Here, my first 10 rows of the merged table:

structure(list(Record = 1:10, IDdatecode = structure(c(1L, 2L, 
3L, 3L, 4L, 4L, 5L, 5L, 6L, 6L), .Label = c("d201805081203", 
"d201805081204", "d201805081205", "d201805081206", "d201805081207", 
"d201805081208"), class = "factor"), lon1 = c(12.40203333, 12.4071, 
12.41165, 12.41165, 12.41485, 12.41485, 12.41663333, 12.41663333, 
12.41841667, 12.41841667), lat1 = c(45.1067, 45.10921667, 45.11218333, 
45.11218333, 45.11303333, 45.11303333, 45.11313333, 45.11313333, 
45.11348333, 45.11348333), boat1 = structure(c(1L, 1L, 1L, 1L, 
1L, 1L, 1L, 1L, 1L, 1L), .Label = "RB", class = "factor"), lon2 = c(13.02718, 
13.02585827, 13.02453654, 13.02173, 13.02321482, 13.02052301, 
13.02189309, 13.01931602, 13.02057136, 13.01810904), lat2 = c(44.98946, 
44.99031749, 44.99117498, 44.98792, 44.99203246, 44.98868065, 
44.99288995, 44.98944129, 44.99374744, 44.99020194), boat2 = structure(c(1L, 
1L, 1L, 2L, 1L, 2L, 1L, 2L, 1L, 2L), .Label = c("IMPERO II", 
"MISTRAL"), class = "factor")), .Names = c("Record", "IDdatecode", 
"lon1", "lat1", "boat1", "lon2", "lat2", "boat2"), row.names = c(NA, 
-10L), class = "data.frame")

Solution

  • V2, Update (January 17, 2022)

    Glad it works for you.
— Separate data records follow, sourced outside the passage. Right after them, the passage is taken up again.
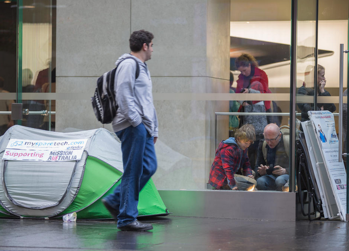 Στην ίδια πόλη ο Lindsay Handmer κοιμόταν σε σκηνή 17 μέρες αναμένοντας τις νέες συσκευές και συγκεντρώνοντας παράλληλα χρήματα για φιλανθρωπία.
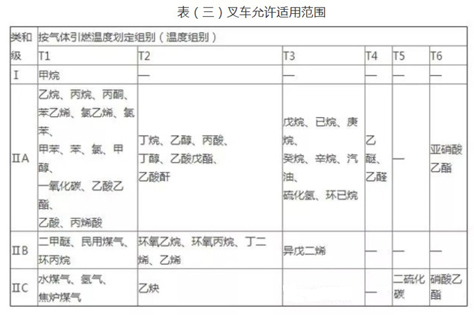 對(duì)于I、II區(qū)爆炸性氣體環(huán)境表(三)為叉車允許適用范圍,表(四)為危險(xiǎn)區(qū)域的溫度組別劃分。
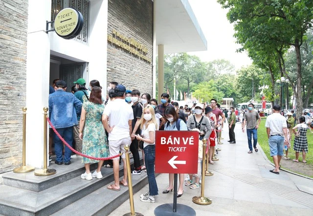Du khách xếp hàng mua vé tham quan Dinh Độc Lập.
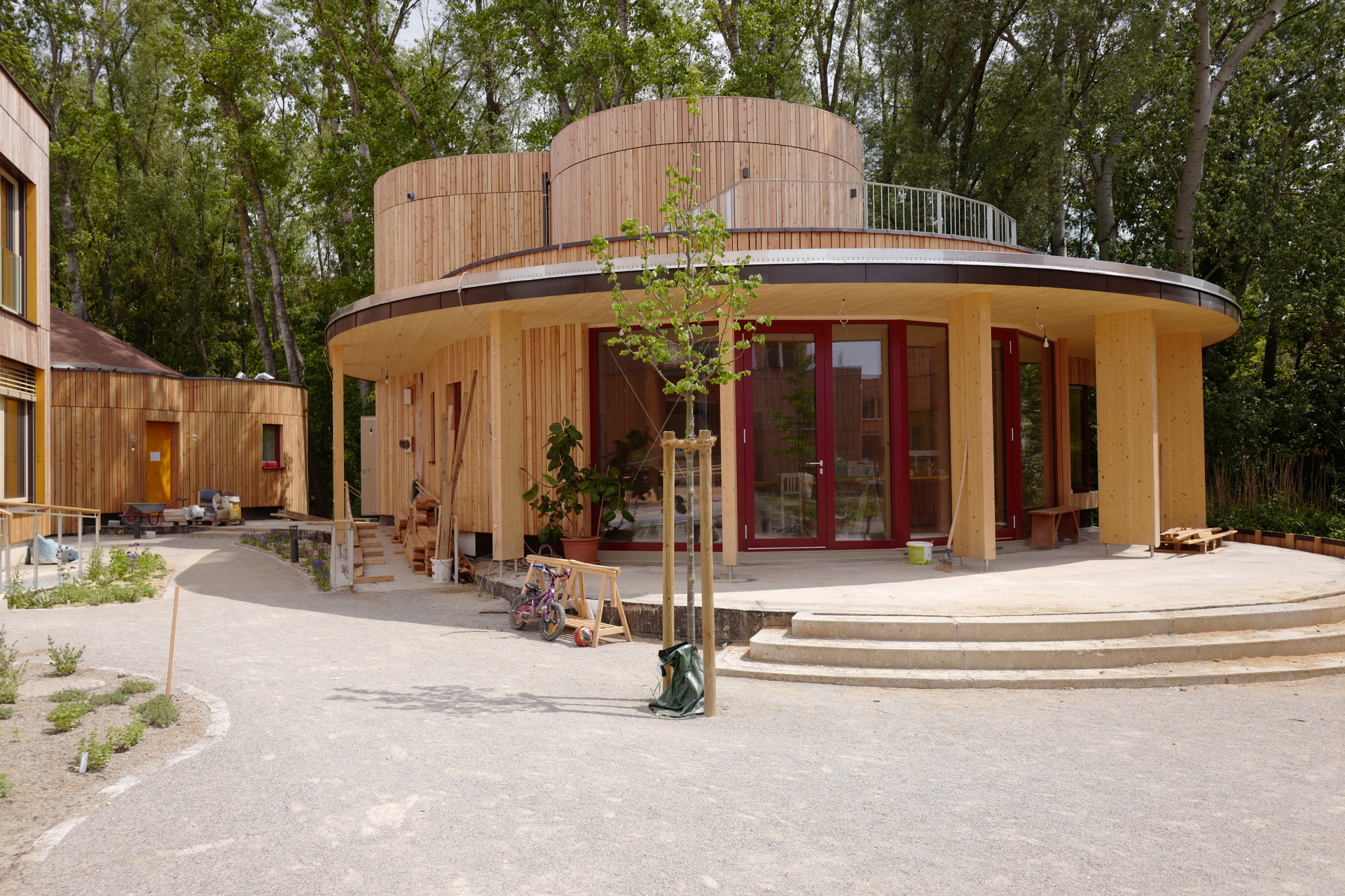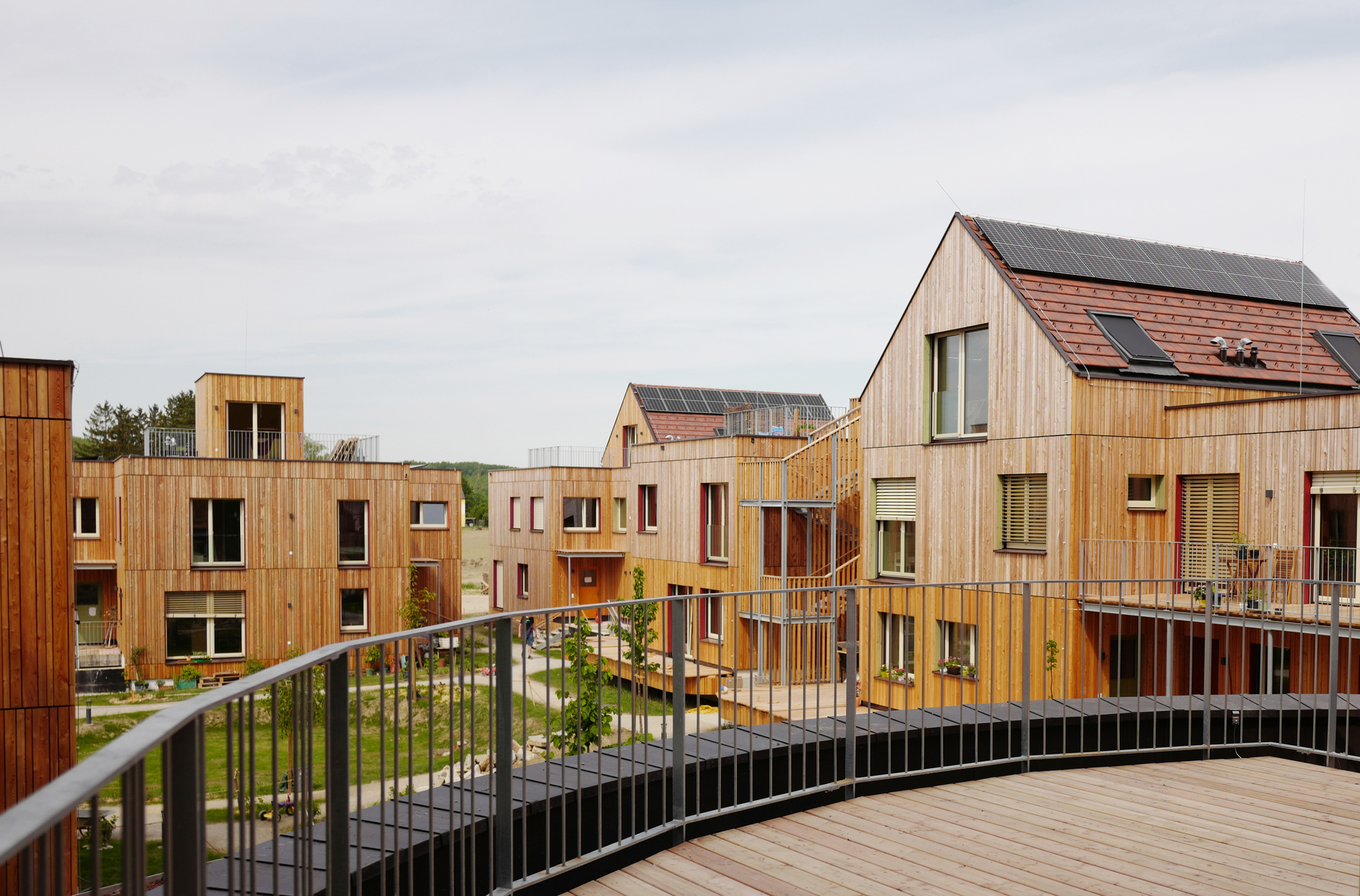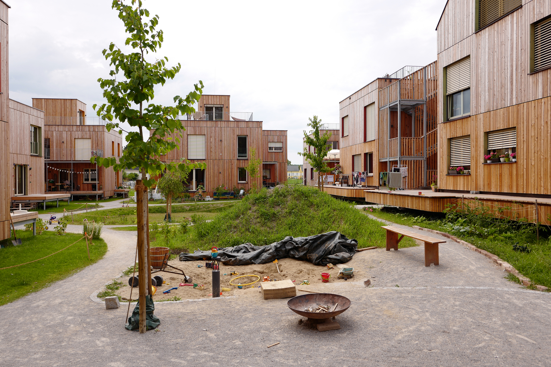 Die 25 Wohneinheiten mit Größen von 35 bis 115 Quadratmetern sind in acht Mehrfamilienhäusern untergebracht, gruppiert um einen zentralen Platz. Der Platz im Zentrum mit seinen geschwungenen unversiegelten Wegen, der begrünten Mulde, in der das Regenwasser versichern kann und der mit Aushubmaterial geformte Spielhügel signalisieren auf den ersten Blick, wie hier hohe ökologische Standards mit alltagstauglicher und gleichermaßen ästhetischer Gestaltung verbunden wurden. Kein Zaun umgrenzt die Siedlung, allein die Position der Häuser schafft eine geborgene Mitte und definiert einen klaren Siedlungseingang. Der liegt dort, wo sich zwei auf runden Grundrissen komponierte Gemeinschaftsgebäude an das Wäldchen schmiegen, das im Osten etwa ein Sechstel des Grundstücks einnimmt. Hier gibt es unter anderem Platz für kleine Konzerte und andere Veranstaltungen sowie eine große Gemeinschaftsküche. Ein Terrassenplateau verbindet die Häuser und bildet Richtung Siedlungsmitte eine Art „Dorfloggia“, während sie an der Waldseite zum wildromantischen Wandelpfad und Rückzugsort unter Bäumen wird.
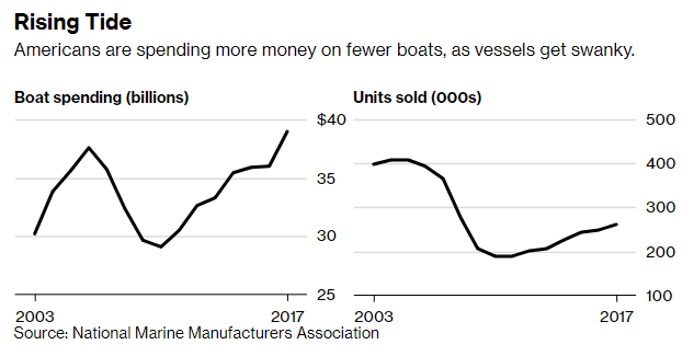 Bloomberg made a useful chart using data from the National Marine Manufacturers Association illustrating boat unit sales making a slow recovery since the recession, but boat spending reaching record highs. The data suggest that fewer people are buying boats, but the people who are buying boats are spending a lot more money on them than buyers used to. This could be part of the reason Polaris was interested in buying Boat Holdings, which carries the high-end Bennington brand that’s been pushing pontoon boats further upmarket.

If you are willing to avoid for-loops you could consider a dplyr approach. Have a look.

      library(dplyr)
      
      df <- silvia %>%
        rowwise() %>% 
        mutate(distance = geosphere::distGeo(c(lon1, lat1), c(lon2, lat2)))
      df
    

    The base R **apply-family would be another option.


    V1 (January 16, 2022)

    Hopefully this approach does help you. Often it is recommended to not use for-loops. However, I used one, since they are easy to understand.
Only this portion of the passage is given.